Your Dressing Questions Answered
Q: Is this dressing gluten-free? A: Yes, all the ingredients listed are naturally gluten-free. Always check your ketchup label to be sure.
Q: Can I make it ahead? A: Absolutely! Making it a day early lets the flavors get even better.
Q: What if I don’t have celery seed? A: You can just leave it out. A tiny pinch of garlic powder is a nice swap.
Q: Can I make a smaller amount? A: Of course. Just cut all the ingredients in half. It works perfectly.
Q: Any optional additions? A: A teaspoon of Dijon mustard adds a lovely little kick. *Fun fact: Mustard also helps oil and vinegar mix better!* Which tip will you try first?
A Little Note From My Kitchen
I hope you love making this simple dressing.
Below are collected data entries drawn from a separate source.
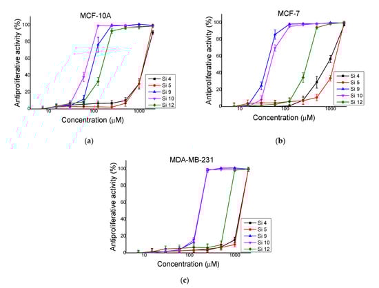 In MCF-10A cells (Figure 2a), the least antiproliferative effect was caused by Si4 and Si5 (IC50 = 1326 ± 69.5 and IC50 = 1289 ± 38.1, respectively). In the cell line MCF-7, the strongest antitumor effect was shown by Si9 and Si10, with IC50 = 45 ± 4.2 and 50 ± 1.7, respectively (Figure 2b). The test substances were weakly active in the MDA-MB-231 cells (Figure 2c).
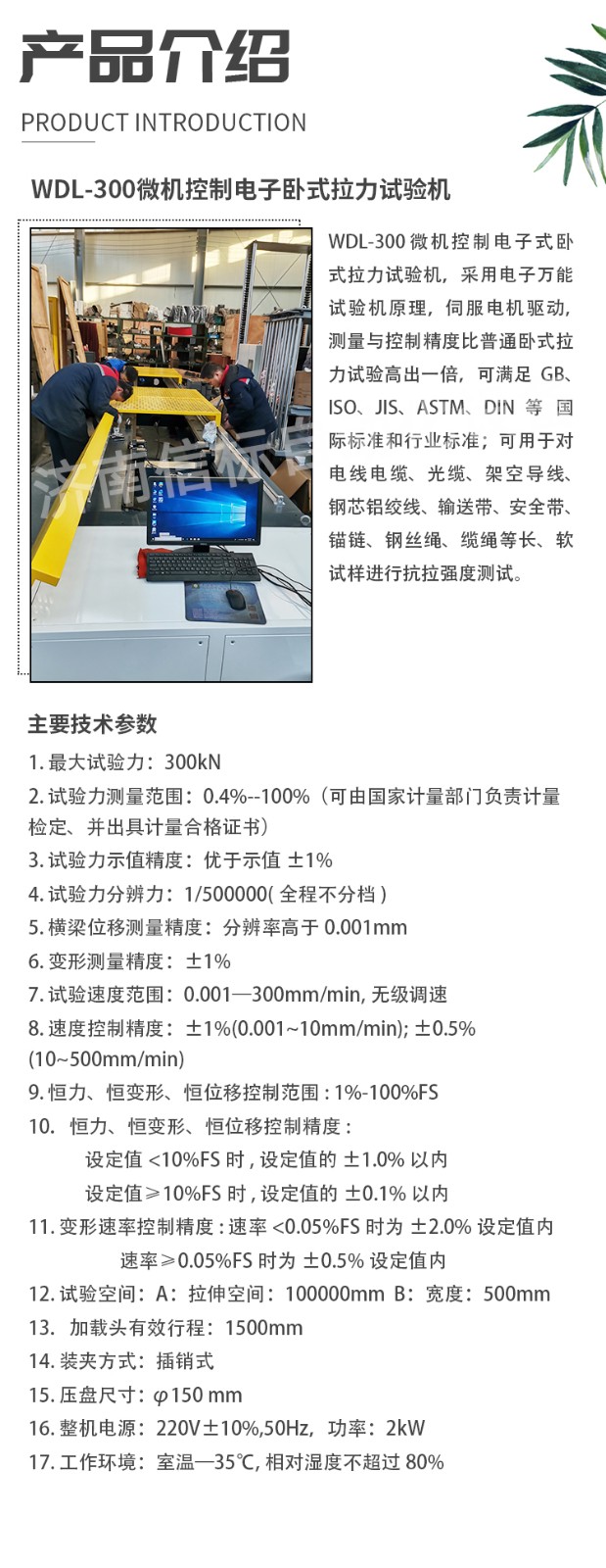 試驗(yàn)標(biāo)準(zhǔn): GB/T 8358-2014 鋼絲繩實(shí)際破斷拉力測定方法 GB∕T 1179-2008 圓線同心絞架空導(dǎo)線 DL/T 832-2003 光纖復(fù)合架空地線 DL/T 788-2001 全介質(zhì)自承式光纜 GB/T 7424.4-2003 光纜 第4部分:分規(guī)范 光纖復(fù)合架空地線 IEC 60794.4-2009 光纜 第4部分:分規(guī)范 輸電線架空光纜 IEEE 1138-2009 電力事業(yè)用電線的復(fù)合光纖架空地線的建造標(biāo)準(zhǔn) GB/T16491-2008 電子式萬能試驗(yàn)機(jī) GB/T228.1-2010 金屬材料室溫拉伸試驗(yàn) GB/T4909.3-2009 裸電線試驗(yàn)方法 第3部分:拉力試驗(yàn) GB/T14049-2008 額定電壓10KV架空絕緣電纜 GB/T12527-2008 額定電壓1KV及以下架空絕緣電纜 GB/T3955-2009 電工圓鋁線 GB/T17048-2009 架空絞線用鋁線 GB/T17939-2009 電工用鋁包鋼線 GB/T3428/2012 架空絞線用鍍鋅鋼線 三、主要技術(shù)指標(biāo): 1. 最大試驗(yàn)力:300kN 2. 試驗(yàn)力測量范圍:0.4%--100% (可由國家計量部門負(fù)責(zé)計量檢定、并出具計量合格證書) 3. 試驗(yàn)力示值精度:優(yōu)于示值±1% 4. 試驗(yàn)力分辨力:1/500000(全程不分檔) 5. 橫梁位移測量精度:分辨率高于0.001mm 6. 變形測量精度:±1% 7. 試驗(yàn)速度范圍:0.001—300mm/min,無級調(diào)速 8. 速度控制精度:±1%(0.001~10mm/min); ±0.5%(10~500mm/min) 9. 恒力、恒變形、恒位移控制范圍: 1%-100%FS 10.恒力、恒變形、恒位移控制精度: 設(shè)定值<10%FS時,設(shè)定值的±1.0%以內(nèi) 設(shè)定值≥10%FS時,設(shè)定值的±0.1%以內(nèi) 11. 變形速率控制精度: 速率<0.05%FS時為±2.0%設(shè)定值內(nèi) 速率≥0.05%FS時為±0.5%設(shè)定值內(nèi) 12. 試驗(yàn)空間: A:拉伸空間:100000mm B:寬度:500mm 13.加載頭有效行程:1500mm 14. 裝夾方式:插銷式 15. 壓盤尺寸:φ150 mm 16. 整機(jī)電源:220V±10%,50Hz,功率:2kW 17. 工作環(huán)境:室溫—35℃,相對濕度不超過80%
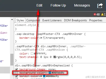 (1) First of all, we need to figure out how the blue background color is implemented in the standard application. Check related controller code regarding footer toolbar button definition, and there is no style definition regarding Edit button. So it must definitely be done by UI5 framework.
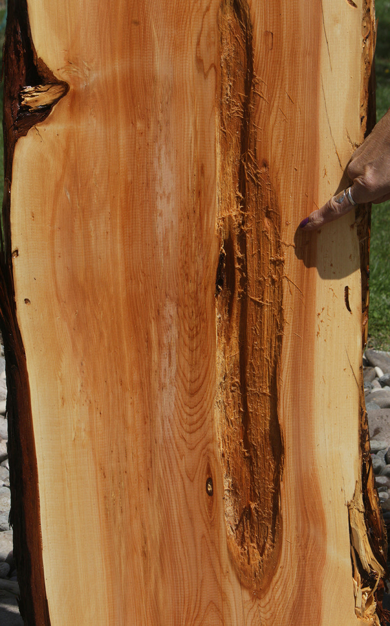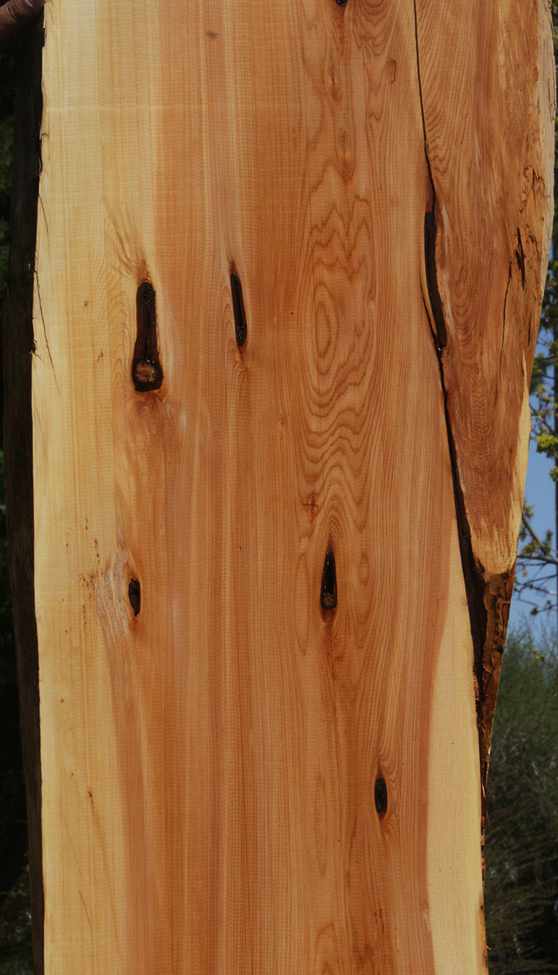 This Juniper lumber has nice grain and color! It has numerous knots with checks, splits, and bark incursions that add a rustic and beautiful appearance to this species. Bug holes...
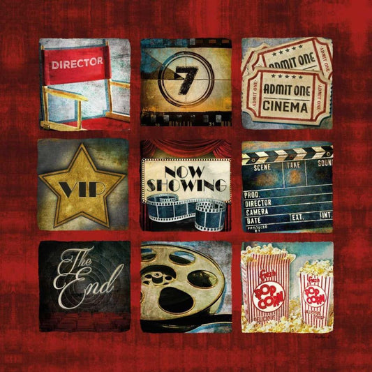 Now Showing Movie Tryptic White Modern Wood Framed Art Print by Mollie B.

It always reminds me of sunny days and fresh garden salads. Sharing these recipes with you brings me so much joy.
I would be thrilled to see your creations. Show me your beautiful salad plates. Have you tried this recipe? Tag us on Pinterest!
Happy cooking!
—Olivia Hartwell.

Tangy French Style Salad Dressing
Description
A classic, sweet and tangy dressing that’s perfect for any green salad. Easily made by whisking or blending simple pantry ingredients together.
Ingredients
Instructions
- Place all ingredients into a mixing bowl.
- Vigorously whisk them together for several minutes until the sugar has completely dissolved.
- For a smoother and quicker result, you can also pulse the mixture in an immersion blender, food processor, or a magic bullet blender until fully combined.
Notes
- Store dressing in an airtight container in the refrigerator for up to one week. Shake or stir well before use.